Potential applications of this technology:

  • Robotics: The motion learning apparatus can be used in robotics to analyze and learn the motion of robots in different environments, allowing them to adapt and navigate more effectively.
  • Sports training: The apparatus can be used in sports training to analyze and learn the motion of athletes, providing valuable insights for improving performance and preventing injuries.
  • Virtual reality: The technology can be applied in virtual reality systems to analyze and learn the motion of virtual objects, enhancing the realism and immersion of the virtual environment.

Problems solved by this technology:

  • Adaptation to different environments: The motion learning apparatus allows mobile objects to adapt their motion based on the analysis and learning of different environments, improving their performance and efficiency.
  • Motion estimation accuracy: By learning a model for estimating motion using data from different environments, the apparatus can improve the accuracy of motion estimation for mobile objects.
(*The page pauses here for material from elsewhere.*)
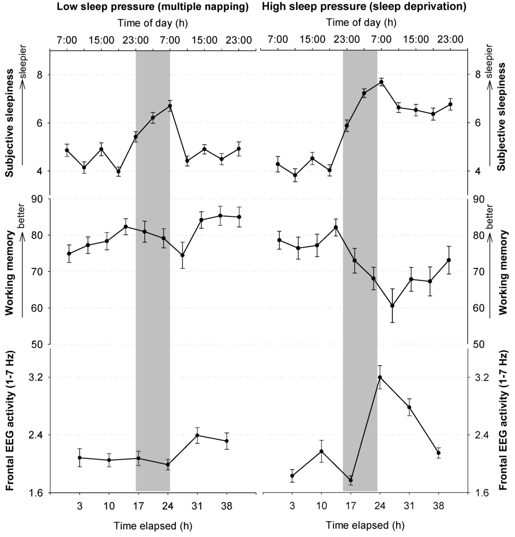 The impact of sleep pressure on working memory (WM) performance and its underlying cerebral correlates has repeatedly been investigated (see [10] for overview). Studies indicate that WM functions do not simply decline with rising sleep pressure, but are differentially regulated by factors interacting with the sleep homeostatic process, such as inter-individual differences (e.g., in genetic polymorphisms [11,12,13,14], age (for overview, see [15])) or time of day ([16,17,18,19,20,21], but see [22,23]). After summarizing evidence about circadian and sleep-homeostatic, in particular adenosinergic mechanisms on electroencephalographic (EEG), hormonal and subjective sleepiness data, we will specifically review the current knowledge about the regulation of WM performance and the underlying neuronal mechanisms.

Benefits of this technology:

  • Enhanced performance: By analyzing and learning the motion of mobile objects in different environments, the technology can enhance their performance and efficiency.
  • Adaptability: The motion learning apparatus enables mobile objects to adapt their motion based on the specific environment they are in, improving their ability to navigate and interact with their surroundings.
  • Improved motion estimation: By learning a model for motion estimation using data from different environments, the technology can improve the accuracy of motion estimation for mobile objects.


Original Abstract Submitted

A motion learning apparatus includes: a motion analyzing unit configured to analyze motion of a mobile object based on mobile object state data, and generating motion analysis data; and a learning unit configured to learn a model for estimating the motion of the mobile object in a first environment, using first motion analysis data generated in the first environment and second motion analysis data generated in respective second environments, and furthermore, a motion estimation apparatus includes: an environment analyzing unit configured to analyzing a first environment based on environment state data indicating a state of the first environment, and generating environment analysis data, and an estimation unit configured to estimate motion of a mobile object in the first environment by inputting the environment analysis data to a model.